Evergreen Post: IRS Sending Erroneous Balance Due Notices

Many of our clients have authorized us to receive IRS notices for them.  Yesterday, we received three “balance due” (CP14) notices.  I was quite surprised, as all three individuals paid their tax by electronic debit with the filing of their tax returns.  I ran account transcripts, and all show $0 balances (they did indeed pay, and the IRS shows the payments).

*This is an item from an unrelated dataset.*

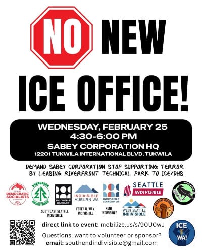 KUOW looks at efforts by cities in south King County including Burien and Renton, to ban new detention centers and jails – especially federal ICE facilities. KING-5 reports that the city council of Tukwila, which is located south of Seattle, voted yesterday 7-0 for a six-month ban on new detention facilities. There's concern that ICE is attempting to expand to a new facility in Tukwila owned by the Sabey corporation. In response, there's a protest at Sabey's headquarters tomorrow, Wed. Feb 25 from 4:30-6 pm at 12201 Tukwila International Blvd.

As a reminder, I’ve noted this issue in years past.  The IRS has apparently decided this isn’t worth fixing.  So let’s look at the costs of this: The IRS wastes taxpayer funds by knowingly sending out erroneous notices.  They waste taxpayer’s time because these notices will cause either the taxpayer or their tax professional to investigate.  This will cause more taxpayer funds being spent, as IRS employees get needless phone calls.

The solution for the IRS is to wait one or two “cycles” to allow the payments to post.  (The IRS computer system is old.  It uses batch processing, so when a return is filed with electronic debit the return might be in cycle 17 while the payment will be in cycle 18 or 19.)  The IRS changed this for the regular due date (April 15th) but doesn’t think this is worthwhile to change for returns on extension.  The IRS is wrong, but I’m not going to win this fight.

This does bring up some standard rules about IRS notices:

  1. Do not assume the notice is correct.  Per IRS statistics, two-thirds of IRS notices are wrong in whole or in part.
  2. If you use a tax professional, let him or her know immediately about the notice.  IRS notices do not get better with age.
  3. If you do need to respond, make sure you respond timely and use certified mail, return receipt requested.  You want proof the IRS received the response.

So if you’ve paid your tax and receive a CP14 notice alleging you didn’t, check to see if your check (or electronic payment) cleared.  If it did, most likely this is a timing issue.